Named after a popular president of Washington State University, she was one of 2,700 “Ugly Ducklings” built during the war.  Each "Liberty Ship" was identical,  441 feet long and 28 feet wide, with three holds forward of the central island and two toward the stern. Her best speed was barely 11 knots. And at 8:15 the morning of 17 July, 1944, she tied up on the land side of the Port Chicago pier, and at ten that morning started taking on cargo.
It happened because by night fall the number five (stern) hold of the Byron was stuffed with  40mm cannon shells. Her number four hold held  462 tons of fragmentation and cluster bombs. The Byron's number three hold (midships) contained 525 tons of 1,000 pound bombs. The  number two hold held 565 tons of Mark 47 Torpex air dropped sea mines. And the number one (bow) hold was still being loaded with “live” 660 pound incendiary bombs. 
Still less than half full, at 10:00 a.m. the Byron contained 3,600 tons of high explosives. There were another 1,000 tons waiting to be unloaded from the rail cars when, at eighteen minutes and forty-four seconds after ten, the S.S. Byron blew up.
Seismographs in Berkeley recorded the explosion at that moment, as a 3.4 on the Richter scale. The 25 million pound Byron, her cargo, her crew, most of the pier, the box cars sitting on it, the steam locomotives moving rail cars, and 320 human beings were all vaporized. A 66 foot deep, 300 feet wide and 700 foot long crater was carved into the sea bed beneath where the Byron had floated an instant before. 

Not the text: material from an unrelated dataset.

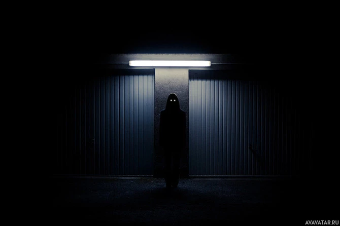 На картинке показана затемненная сцена с силуэтом фигуры, стоящей в центре, обращенной в сторону от зрителя. Освещение идет из-за фигуры, создавая драматический контраст между темным окружением и освещенным фоном. По-видимому, его принимают ночью или в тускло освещенной области. Есть также элемент таинственности из-за эффекта силуэта.
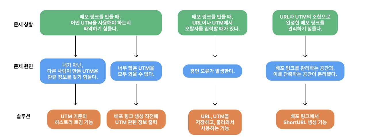 배포 링크를 만들 때, 매번 URL과 UTM을 직접 입력하는 과정에서 문제가 발생합니다. 따라서, 매번 입력하는 게 아니라, UTM 값을 처음에 저장하고 필요할 때마다 불러와서 사용하면 해결할 수 있습니다.

A larger cargo ship, S.S. "Quinalt Victory", which was waiting to be loaded on the bay side of the wharf, was lifted out of the water by the explosion, torn in half, and its stern left floating 500 yards into Suisin Bay (above). A Coast Guard fire boat stationed at the end of the wharf was thrown 600 feet and destroyed.. 

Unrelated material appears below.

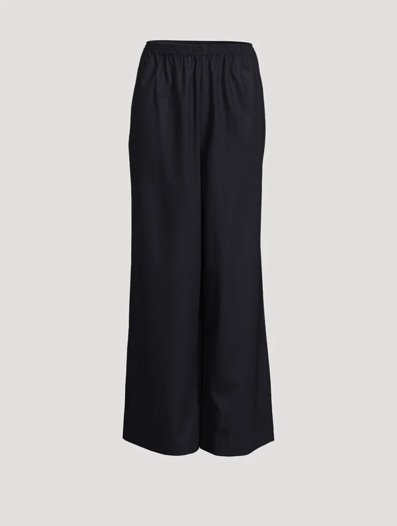 These full-length pants are crafted of a lightweight Italian stretch wool with a hint of cashmere. With their elasticized waist, voluminous wide-leg silhouette, and side seam pockets, they exude a comfortable appeal.

 Three thousand feet from the center of the blast, the Roe Island lighthouse (above)  was shattered by the blast wave moments before a 30 foot tidal wave shoved the entire structure 40 feet up the beach.
Commercial pilots at 9,000 feet reported house sized hull fragments of the ships flying past their plane. A mile and a half south of the base every home in the town of Port Chicago was damaged. 

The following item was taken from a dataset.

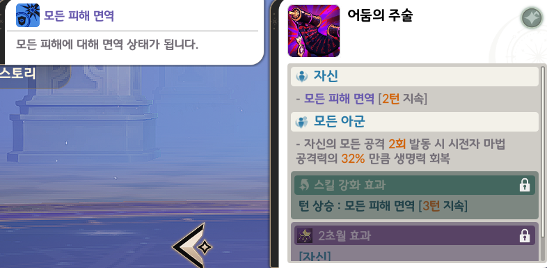 패시브 스킬 ‘어둠의 주술’은 전투 초반 자신에게 모든 피해 면역 2턴을 부여합니다.
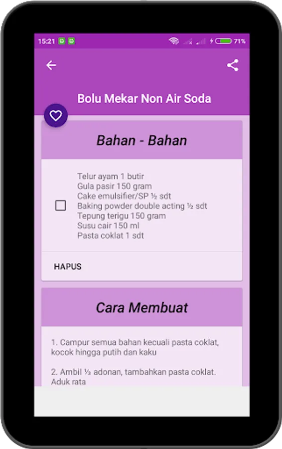 The application of Recipe for Pastries & Offline Wet Cakes is a collection of various kinds of recipe for pastries and various recipes of wet cakes which are very easy and certainly very complete. This application can be used without an internet connection (offline). In this application there are many choices of types of cakes.

The northern wall of the crowded movie theater (above)  buckled as if punched by a giant fist and the ceiling fell - but none of the 192 white patrons were injured. 
Debris fell two miles away. Forty miles away the fireball 3 miles in diameter was clearly visible. People 200 miles away heard the blast. The explosion was comparable in size to that which would occur one year and three weeks later over Hiroshima, Japan.
Three weeks and one day later, on 8 August, 1944. 328 African-American stevedore survivors at Port Chicago refused to load another Liberty Ship, the USS Sangay,  unless their officers were replaced and safety procedures were improved.  Eventually 208 men were reassigned to menial duties until finally issued a dishonorable discharge. Another 50 were convicted of mutiny and sentenced to hard labor. After the end of the war the fifty were released and given a “general discharge under honorable circumstances”.
The irrational disparity of punishments made no more sense than the reasons some lived while others died in the explosion. Within a few months, a Navy review board offered lessons learned, and last on their list of suggestions, was: “The inadvisability of employing 100% colored ordnance battalions to handle and load ammunition was amply demonstrated.”  It wasn't much as a lesson, and the language invited misunderstanding and false justification. But for the victims, each distanced now from the blast by space and time, the explanation of the tragedy at Port Chicago was pure farce and insult. And surely we can do better than that, three quarters of a century later.